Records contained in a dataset
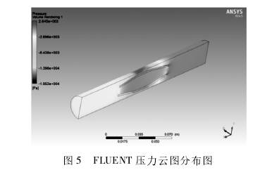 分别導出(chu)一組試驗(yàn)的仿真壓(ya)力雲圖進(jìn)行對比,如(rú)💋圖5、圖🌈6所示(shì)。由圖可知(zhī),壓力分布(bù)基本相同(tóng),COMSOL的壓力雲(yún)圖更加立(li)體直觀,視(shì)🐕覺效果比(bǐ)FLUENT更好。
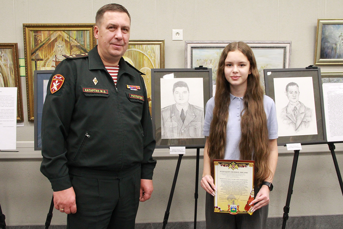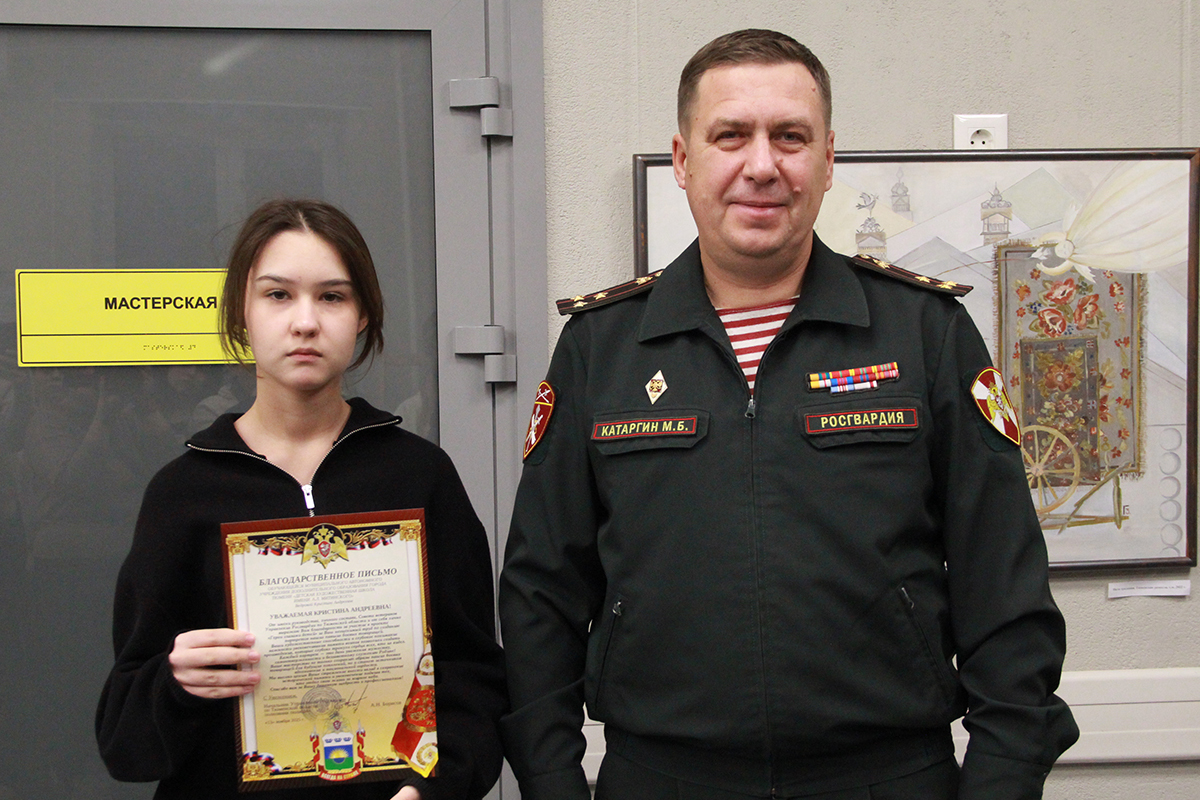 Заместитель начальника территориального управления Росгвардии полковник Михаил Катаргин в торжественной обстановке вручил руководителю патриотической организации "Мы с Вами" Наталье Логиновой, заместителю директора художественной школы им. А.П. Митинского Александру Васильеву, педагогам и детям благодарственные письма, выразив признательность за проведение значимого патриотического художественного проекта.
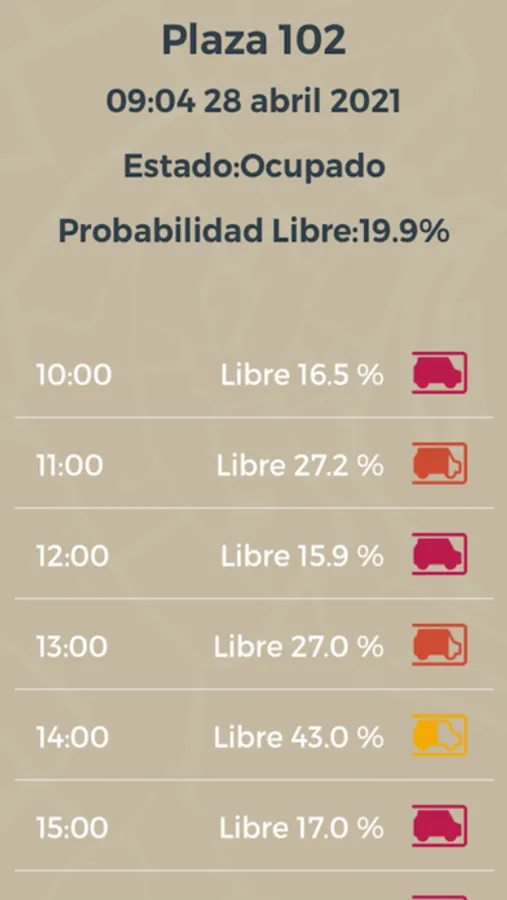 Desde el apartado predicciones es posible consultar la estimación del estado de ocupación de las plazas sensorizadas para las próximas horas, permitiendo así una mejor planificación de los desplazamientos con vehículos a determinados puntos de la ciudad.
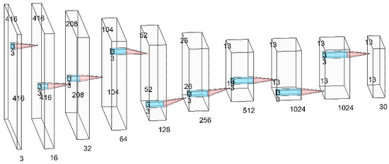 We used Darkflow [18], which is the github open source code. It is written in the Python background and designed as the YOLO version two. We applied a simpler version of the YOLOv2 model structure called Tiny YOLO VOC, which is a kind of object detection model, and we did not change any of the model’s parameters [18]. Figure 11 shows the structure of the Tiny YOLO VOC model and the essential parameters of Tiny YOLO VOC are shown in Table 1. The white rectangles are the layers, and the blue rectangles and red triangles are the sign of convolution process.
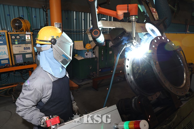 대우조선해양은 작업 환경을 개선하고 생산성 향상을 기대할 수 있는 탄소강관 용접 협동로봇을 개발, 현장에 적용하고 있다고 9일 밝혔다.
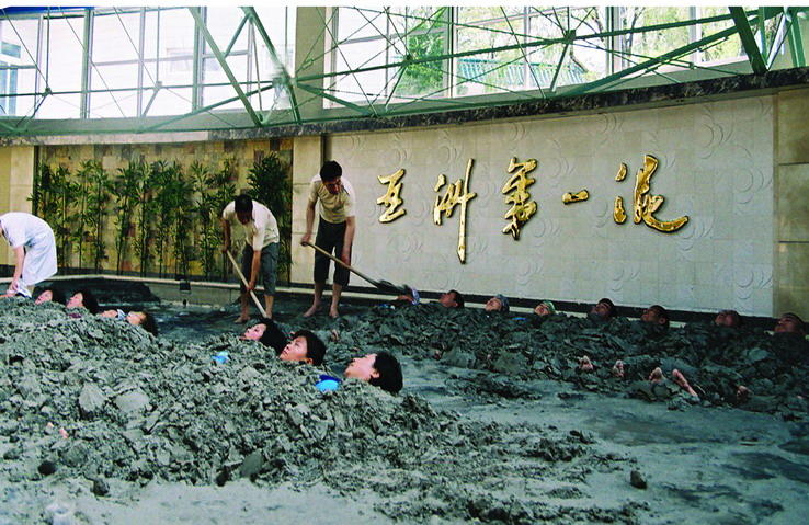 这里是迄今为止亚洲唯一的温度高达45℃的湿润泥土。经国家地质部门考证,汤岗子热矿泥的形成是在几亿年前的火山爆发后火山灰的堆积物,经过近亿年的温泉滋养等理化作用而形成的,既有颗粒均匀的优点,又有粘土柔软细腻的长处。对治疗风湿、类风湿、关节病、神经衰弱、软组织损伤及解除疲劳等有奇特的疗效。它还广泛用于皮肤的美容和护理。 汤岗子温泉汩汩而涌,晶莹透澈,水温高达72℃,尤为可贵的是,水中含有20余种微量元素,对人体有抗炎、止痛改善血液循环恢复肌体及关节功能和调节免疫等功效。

• Work required
Quote, exactly and only, the lines from the first line of the data above through the line containing "Desde el apartado". The pictures do not belong in it.

• Final answer
 分别導出(chu)一組試驗(yàn)的仿真壓(ya)力雲圖進(jìn)行對比,如(rú)💋圖5、圖🌈6所示(shì)。由圖可知(zhī),壓力分布(bù)基本相同(tóng),COMSOL的壓力雲(yún)圖更加立(li)體直觀,視(shì)🐕覺效果比(bǐ)FLUENT更好。
 Заместитель начальника территориального управления Росгвардии полковник Михаил Катаргин в торжественной обстановке вручил руководителю патриотической организации "Мы с Вами" Наталье Логиновой, заместителю директора художественной школы им. А.П. Митинского Александру Васильеву, педагогам и детям благодарственные письма, выразив признательность за проведение значимого патриотического художественного проекта.
 Desde el apartado predicciones es posible consultar la estimación del estado de ocupación de las plazas sensorizadas para las próximas horas, permitiendo así una mejor planificación de los desplazamientos con vehículos a determinados puntos de la ciudad.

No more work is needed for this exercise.